Now, with Rousseff's fate hanging in the balance, both sides are making a last attempt to change public opinion any way they can.
Supporters like Brito believe Rousseff's transgressions — moving money around to mask her government's budget deficit — are fairly minor compared to the scandals that have seen more than half the Senate investigated or charged.
That's why the music hall is covered in graffiti accusing interim president Michel Temer of orchestrating a "golpe;" the process of impeachment, Brito says, is "a parliamentary coup."
"Our left says it was a coup! It was a coup d'état," he says, mockingly, to a Dutch couple he stopped as they were sightseeing.
Santos is one of four young men who are shooting a video for social media, asking foreigners what would happen if their head of state got caught fiddling with the numbers.
Jail for fudging the figures
"They would go to jail for sure," the Dutch man says.
"Certainly," echoes his wife.
That was the answer Santos was looking for.

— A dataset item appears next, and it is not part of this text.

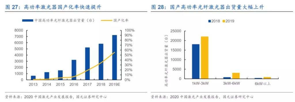 高功率光纖激光器將成為市場爭奪主戰(zhàn)場,國產(chǎn)化進展迅猛。伴隨著國內(nèi)光纖激光器制造商技術(shù)實力提升,國產(chǎn)高功率光纖激光器能效顯著提升,在高功率光纖激光 器市場開始參與競爭。2019 年國產(chǎn)光纖激光器出貨量大幅上升,6kW 以上高功率 光纖激光器出貨 800 臺,超過 2018 年出貨量兩倍,同時 3kW 以上激光器出貨量也 大幅提升至 3000 臺,超過 2018 年出貨量四倍,近年國產(chǎn)化率保持大幅提升趨勢,高端光纖激光器將成為國內(nèi)外廠商競爭主戰(zhàn)場。

And on this both sides generally agree — the impeachment process so far has been legal and constitutional.
"Right now we see the end of the fight and the Brazilian people won," Santos says. "And definitely this is like a very nice, democratic way to end the 'Brazilian spring.'"
Temer's government called 'racist'
"It's a racist government," he says. "As a black Brazilian, I'm very worried. We're going to be hurt the most by this, not just by the Temer government but by what could come after it."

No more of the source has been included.